Dataset records |
=== Section Start ===
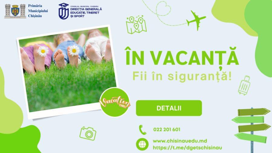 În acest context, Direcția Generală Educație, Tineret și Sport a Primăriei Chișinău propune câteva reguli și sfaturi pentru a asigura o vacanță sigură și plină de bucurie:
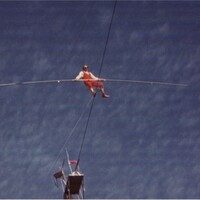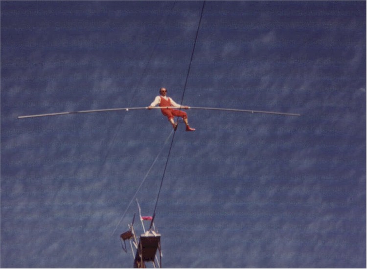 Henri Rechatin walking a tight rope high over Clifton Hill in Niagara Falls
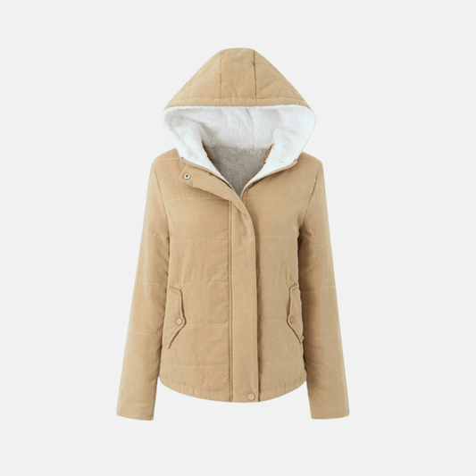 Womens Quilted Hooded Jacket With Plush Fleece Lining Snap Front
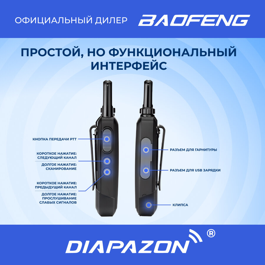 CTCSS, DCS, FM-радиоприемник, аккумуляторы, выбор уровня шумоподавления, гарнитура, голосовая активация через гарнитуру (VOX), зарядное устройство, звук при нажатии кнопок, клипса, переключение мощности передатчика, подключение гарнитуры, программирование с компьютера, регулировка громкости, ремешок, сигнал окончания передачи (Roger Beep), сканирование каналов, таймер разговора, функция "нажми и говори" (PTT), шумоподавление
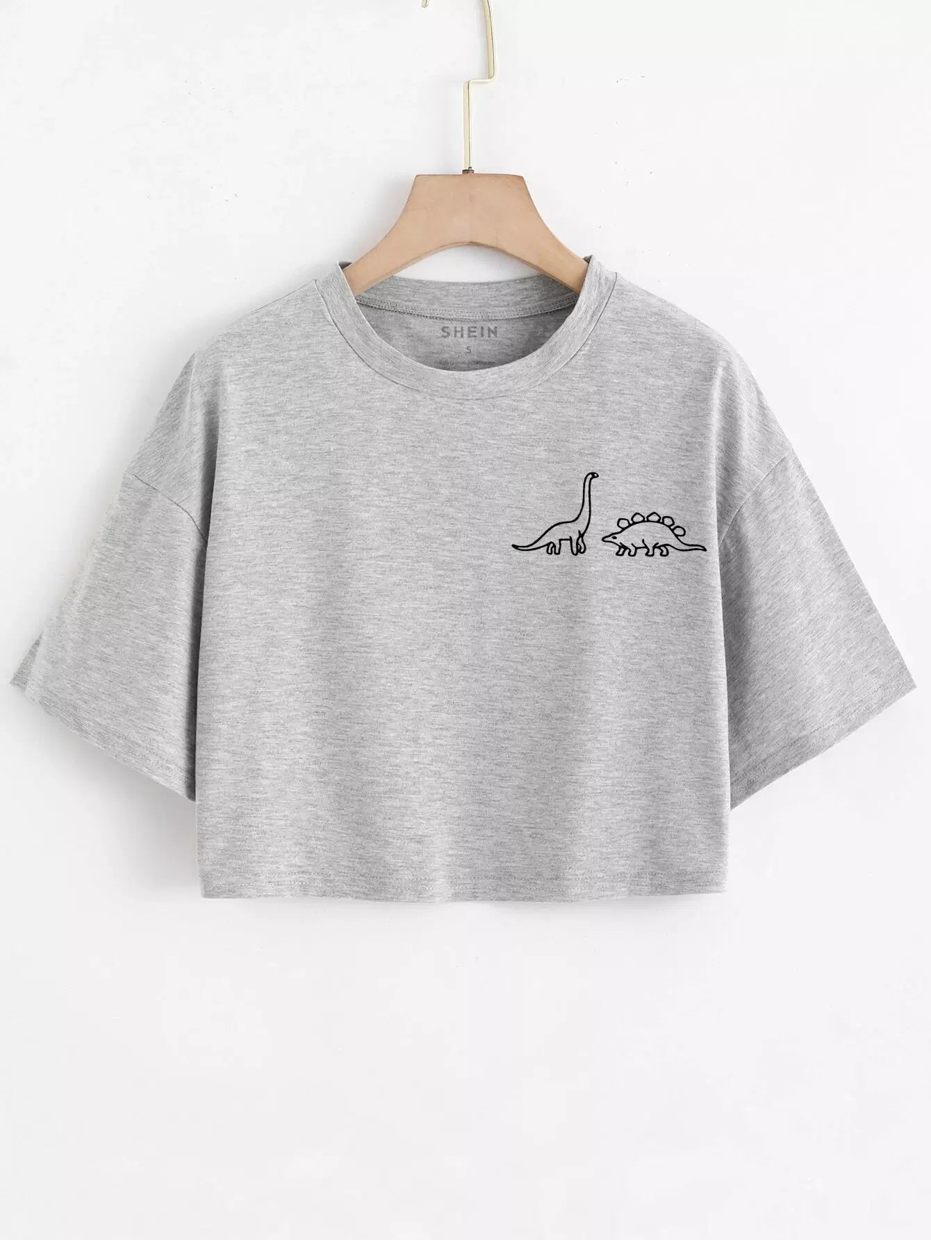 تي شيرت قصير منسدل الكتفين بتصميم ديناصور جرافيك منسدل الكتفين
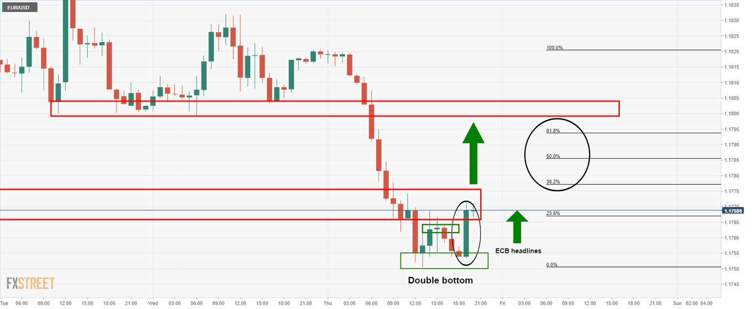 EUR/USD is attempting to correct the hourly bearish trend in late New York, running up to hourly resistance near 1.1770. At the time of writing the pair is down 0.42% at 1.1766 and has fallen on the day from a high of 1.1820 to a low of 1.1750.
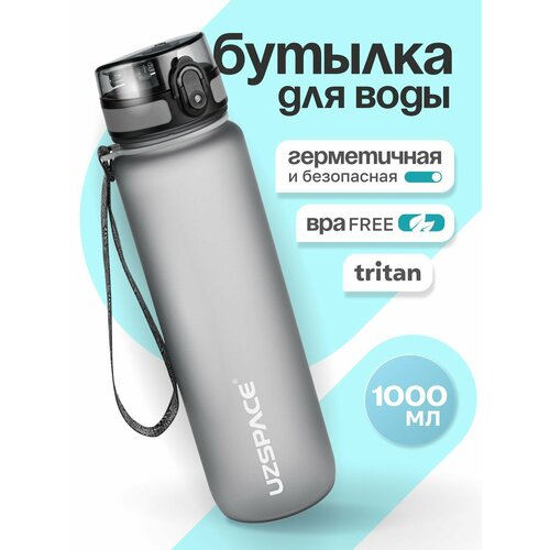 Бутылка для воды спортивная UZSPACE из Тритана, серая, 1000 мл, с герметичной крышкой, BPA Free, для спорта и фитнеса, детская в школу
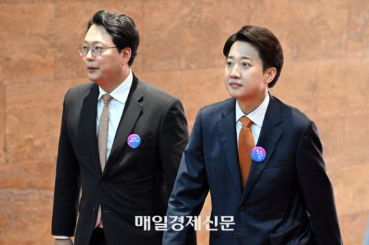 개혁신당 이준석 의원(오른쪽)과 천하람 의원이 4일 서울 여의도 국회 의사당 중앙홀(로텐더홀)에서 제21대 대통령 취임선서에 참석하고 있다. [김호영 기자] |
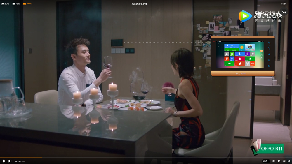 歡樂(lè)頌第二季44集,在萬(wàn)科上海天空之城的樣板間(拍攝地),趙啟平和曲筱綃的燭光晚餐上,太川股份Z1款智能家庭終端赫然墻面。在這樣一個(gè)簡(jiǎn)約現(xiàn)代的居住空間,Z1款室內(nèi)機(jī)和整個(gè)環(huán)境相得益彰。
=== Section End ===
What is being asked | The lines wanted are those from the start of the material above through the line with "Womens Quilted Hooded", both included; print them exactly and skip any picture.

Expected answer |
 În acest context, Direcția Generală Educație, Tineret și Sport a Primăriei Chișinău propune câteva reguli și sfaturi pentru a asigura o vacanță sigură și plină de bucurie:
 Henri Rechatin walking a tight rope high over Clifton Hill in Niagara Falls
 Womens Quilted Hooded Jacket With Plush Fleece Lining Snap Front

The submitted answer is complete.